Management Server: control plane management
MySQL: core infrastructure metadata store
InfluxDB: time-series metrics database
PostgreSQL: audit/compliance data store
Ceph: distributed storage backend

Agent node detail pages can include dependencies such as:

Host API: node management endpoint
KVM Module: virtualization kernel support
Libvirt Socket: VM control interface
Network Bridge: host networking path
NTP Sync: clock synchronization

Status Meanings

UP:

responding normally
acceptable latency
no significant errors

PARTIAL:

service still responding
elevated latency and/or intermittent errors
requires monitoring and investigation if persistent

DOWN:

not responding
failed health checks
immediate investigation required

Step: Troubleshoot by Scenario

When to Use:

Use this when one or more dependencies show degraded or failed behavior.

Purpose:

Apply a consistent troubleshooting sequence by symptom type.

Steps:

Scenario 1: High latency

Check when the increase starts in Latency Trends.
Identify slow dependency rows in Dependencies Health.
Review host/service resources and logs.
Investigate sustained latency, not only spikes.
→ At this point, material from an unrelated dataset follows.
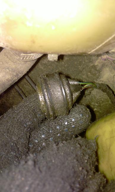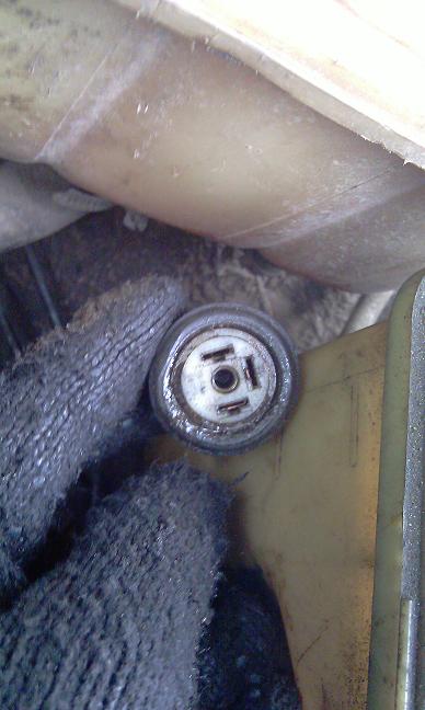 Разъем находится под бачком антифриза, провод уходит за левое крыло

Scenario 2: One service down

Identify dependency with Status=DOWN.
Verify service state and host connectivity.
Review service logs around the incident timestamp.
Recheck table status after corrective action.

Scenario 3: Intermittent errors

Use Daily or Weekly to expose pattern timing.
Check if spikes align with scheduled jobs.
Identify dependency with repeated errors.
Adjust workload timing or service capacity.
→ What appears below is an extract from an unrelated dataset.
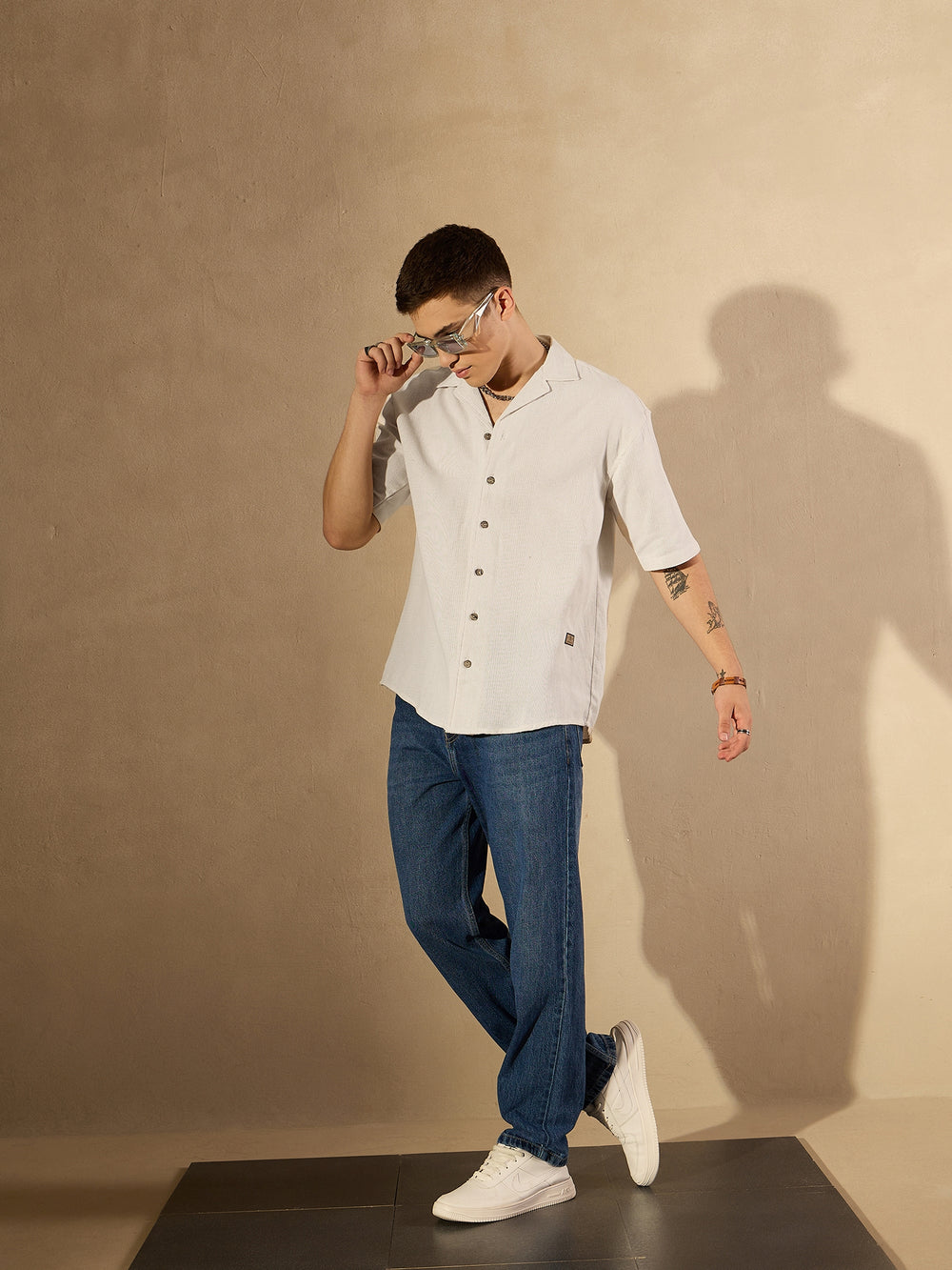 White: Half Sleeves Oversized Casual Shirt

Scenario 4: Performance degradation over days

Switch to Weekly/Monthly view.
Compare baseline vs current latency.
Check whether one or multiple dependencies are affected.
Plan capacity or optimization actions.

Warning

If Critical > 0 or sustained errors persist, escalate with timestamps and affected dependency names.

Expected Outcome:

A scenario-aligned troubleshooting path is selected and evidence is ready for escalation if unresolved.

If this fails:

Reconfirm dependency status and chart correlation in the same time window.
Capture screenshots plus affected dependency rows.
Escalate with timestamps, dependency names, and observed pattern.

Quick Reference

Task	Where to look
Check overall health	Summary cards
Identify slow services	`Avg Latency` + dependency table
Find failing services	`Critical` + dependency table
Analyze performance trend	`Latency Trends`
Analyze failure pattern	`Error Distribution`
Compare periods	Time range selector

If metrics appear inconsistent:

Reconfirm time window.
Compare with Events and Alerts in the same period.